The result will be that part of outstanding debt will be destroyed, together with part of existing wealth. What is different about this scenario from any we have seen over the last 70 years is that previously such events have been contained within a relatively small part of the world economy; this time it is likely that a number of industrialized countries will enter the process virtually at the same time, because of the interconnectedness of our current global financial system. (Just imagine what NZ’s position would be. We are inextricably linked to the financial system abroad, given our enormous borrowing requirement, relative to our GDP). 

Read more: Could Stagflation Happen Again?

• Protecting yourself

IF YOU WANT TO PROTECT YOUR ASSETS, SOMEHOW YOU HAVE TO GET OUTSIDE THE CURRENT BANKING AND FINANCIAL SYSTEM – THAT’S WHERE THE ROT IS.

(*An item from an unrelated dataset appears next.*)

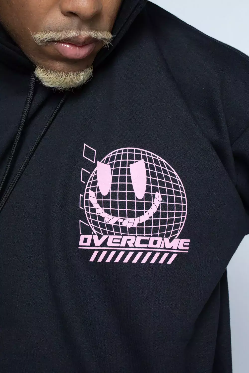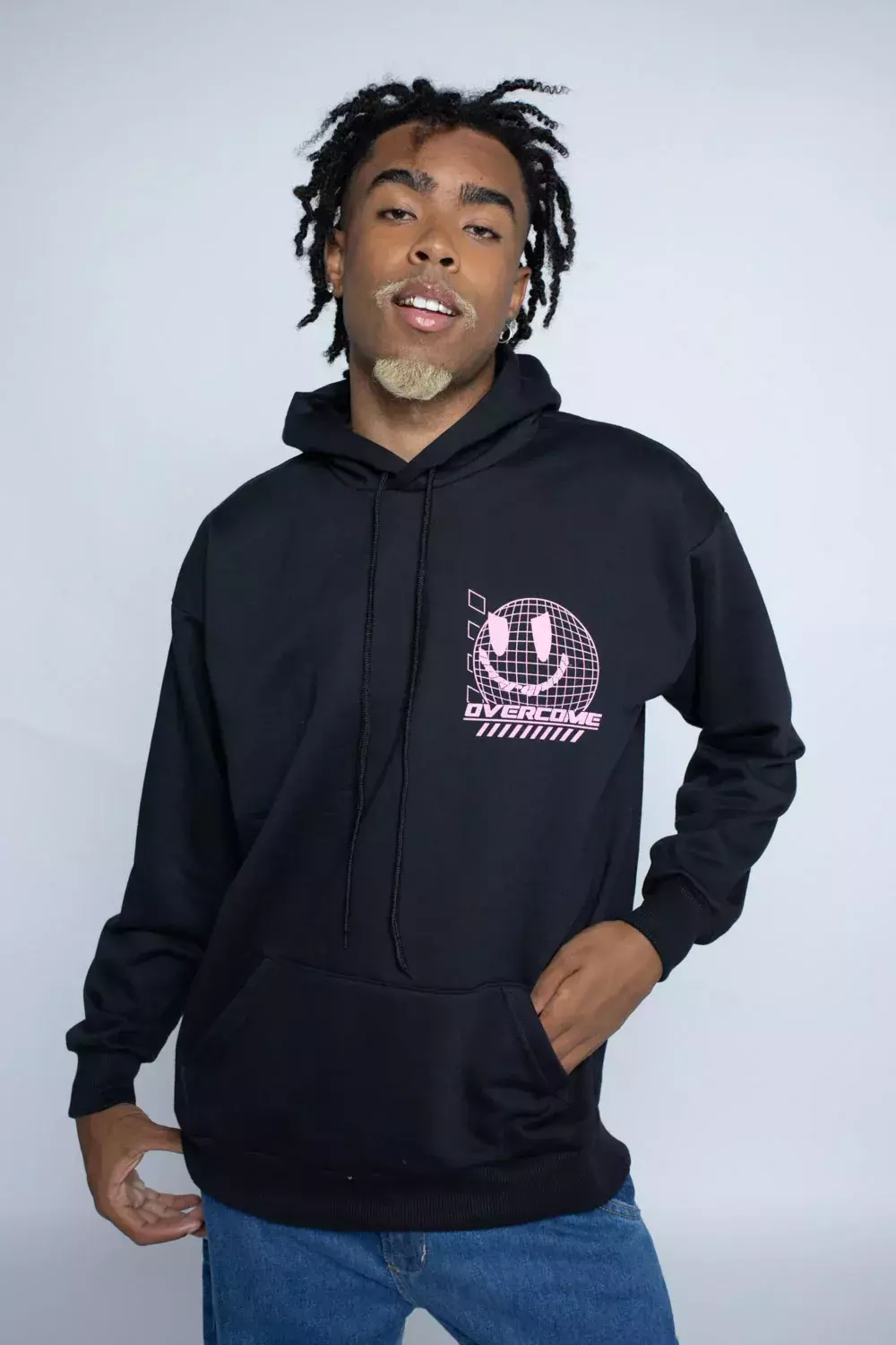 Moletom Overcome Canguru Globo Preto com estampa frontal em alto contraste e visual marcante. Conta com capuz ajustável, bolso canguru e modelagem confortável, perfeito para o dia a dia no estilo urbano.
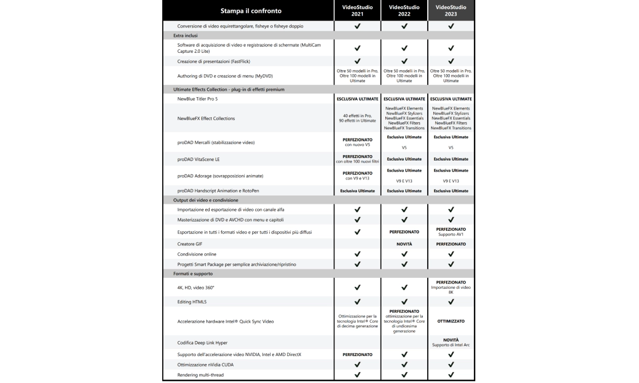 VideoStudio continua a seguire i formati più recenti per mantenere il supporto per tutti i tipi di file e i dispositivi più diffusi. Quando il video è pronto per essere condiviso, è possibile convertirlo in uno dei formati più diffusi per visualizzarlo sul dispositivo preferito, caricarlo direttamente su YouTube o esportarlo su disco. VideoStudio supporta iPad, iPhone, iPod touch e Sony PSP/PS4, smartphone Windows e Android e altro ancora. I video sono ottimizzati per il sito scelto, in modo da non rischiare mai una perdita di qualità. VideoStudio 2023 vi garantisce tutto il supporto necessario per creare video che sarete orgogliosi di condividere sulla vostra piattaforma preferita.

Owning gold, a farm, real estate, is probably a good thing. We are in a transition between the Old World of finance as we have known it – into the New World and we will get it, whether we like it or not.

• Whither interest rates?

The short end is likely to remain at or near stay at zero until we have the new currency. At the long end, Government bond yields are either at lows or approaching lows, and this process should terminate over the next 12 months – marking the end of the 30 year bull market in Govt bonds.

• US equities

Since 2000 we have been in a secular bear market for equities. We are probably beginning the third leg down… heading towards a low on the S&P of maybe less than 500, within the next 5 years.

• China and India

Firstly, what happens in China is vastly more important than what happens in India. The Chinese economy appears to be definitely overheated; a severe cyclical recession is likely to ensue as the credit boom over the last few years bursts.  However China does not have the internal financial decay that the West has – according to Felix, they are one generation behind – therefore they are likely to undergo a severe recession next year, which would be akin to what happened to Western economies in the 1970s. A consequence if this were to ensue would be a concomitant bear market in commodities, maybe as much as halving the price of copper and other raw materials of which China is such a voracious consumer.
(I am not so certain about this outcome – China is building new cities at a furious rate – if these cities remain empty at the moment, there is a high likelihood that they will be occupied in a year or two. One of the facts that has stuck in my mind is the requirement for China to re-house the equivalent of the population of Australia each year every for the next 15 years at least. This is being forced on the Chinese government because they are well aware of the destabilizing effect on their own position if extreme social unrest were to develop).